The U.S. Food and Drug Administration is investigating whether a compounded medication might have played a role in the deaths of two Thoroughbred horses and sickening several others, said Cariny Nunez, a representative from the administration's Miami office.
Robert MacKay, BVSc, PhD, Dipl. ACVIM, professor of Large Animal Medicine at the University of Florida College of Veterinary Medicine, said in a statement that eight Thoroughbreds received a single dose of a compounded toltrazuril/pyrimethamine drug, from the Wickliffe Veterinary Pharmacy, in Lexington, Kentucky, to treat equine protozoal myeloencephalitis (EPM). The horses, which resided at a training stable in Ocala, Florida, began exhibiting neurologic disturbances within 36 hours of administration, he said.
Wickliffe Pharmacy said it adheres to the highest safety, quality, and validation standards and knows of no correlation between its compound and the reported adverse events. The company said it will work to determine the cause of the adverse events.
"Wickliffe was recently informed of adverse events involving horses that received a toltrazuril/pyrimethamine suspension compounded at its pharmacy. There is no known correlation between Wickliffe's compound and the reported adverse events," the company said in a release. "Wickliffe is working cooperatively with health authorities to determine the cause of the adverse events as quickly as possible. Wickliffe has no indication that the preparation compounded at its pharmacy was unsafe in any way, or prepared other than as prescribed."

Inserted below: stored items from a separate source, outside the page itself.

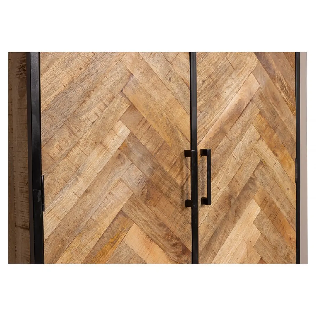 De dichte wandkast New Haven blinkt uit in schoonheid! Aan de robuuste combinatie van het warme mangohout met de metalen accenten is een stijlvol visgraatpatroon toegevoegd. Het meubel kan in alle kamers van het huis van pas komen en kan uitstekend als boekenkast, bijkeukenkast of zelfs als kledingkast worden gebruikt. Achter de deuren liggen drie brede planken en aan de onderkant zitten nog vier lades gevestigd om allerlei eigendommen op te kunnen bergen.
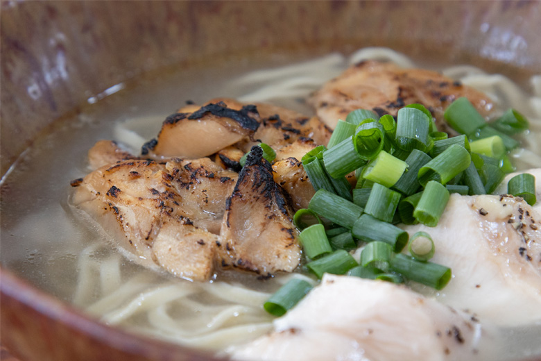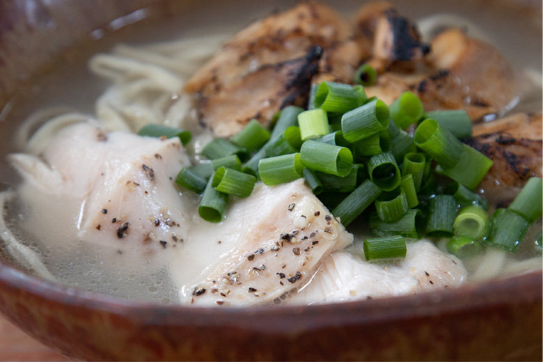 人気No.1メニューの「特選鶏そば」は、鶏もも肉を使った「あぶり鶏」と、鶏むね肉を低温調理した「しお鶏」2種類のトッピングがたっぷり入って、贅沢な仕上がりに。
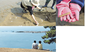 이곳에선 국물이 시원한 바지락, 구우면 더욱 맛있는 모시조개, 뽀얀 속살이 쫄깃한 돌조개 등 각양각색의 조개를 직접 잡아 볼 수 있다. 그러나 이곳 개펄체험의 백미는 뭐니 뭐니 해도 맛 잡기. 보통 조개는 호미로 개펄 흙을 파낸 후 줍지만 맛은 구멍이 뚫린 개펄 안에 소금을 뿌리면 구멍 속에서 쏙 튀어나온다. 처음 간 사람들도 다른 이들이 하는 것을 어깨너머로 보면 금세 따라할 수 있다.
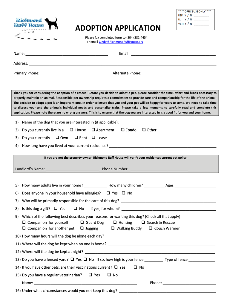 ADOPTION APPLICATION Please fax completed form to (804) 3814454 or email Cindy RichmondRuffHouse.ornate: Email: Address: Primary Phone: Alternate Phone: Thank you for considering the adoption of a

Lexington news outlet LEX 18 reported the story May 12.
The University of Florida reported that four of the horses that received the compounded drug had repeated severe, generalized convulsions; one went down and was unable to rise (recumbent); and three had single or repeated mild convulsions but remained standing. One horse died during a seizure at the training stable, and the recumbent horse was euthanized after being managed for two days at the University of Florida Large Animal Hospital, the university reported.

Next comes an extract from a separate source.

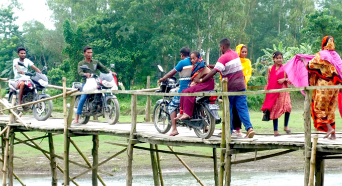 স্থানীয় বাসিন্দাদের উদ্যোগে নির্মিত নড়বড়ে বাঁশ ও কাঠের সেতুটিই এখন এই এলাকার মানুষের একমাত্র ভরসা। তবে ঝুঁকিপূর্ণ এই সেতু পার হতে গিয়ে প্রতিনিয়ত সমস্যায় পড়তে হচ্ছে তাদের।

MacKay said all the other horses have survived with intensive management but are showing additional clinical signs, including low blood counts and ulcers on their gums and tongue.
In its statement, the University of Florida said their equine veterinarians suspect there might have been a pyrimethamine overdose due to accidental misformulation, and all the surviving horses are now being given large doses of folic acid to combat the drug's effects. Various drug analyses are in process, the university's statement noted.
The University of Florida stressed that its cautionary statement is only in regards to the specific drug (pyrimethamine/toltrazuril) from the specific pharmacy (Wickliffe), and that FDA-approved commercial EPM medicines are very safe. Those from compounding pharmacies can also be safe, the statement said, but errors can occur.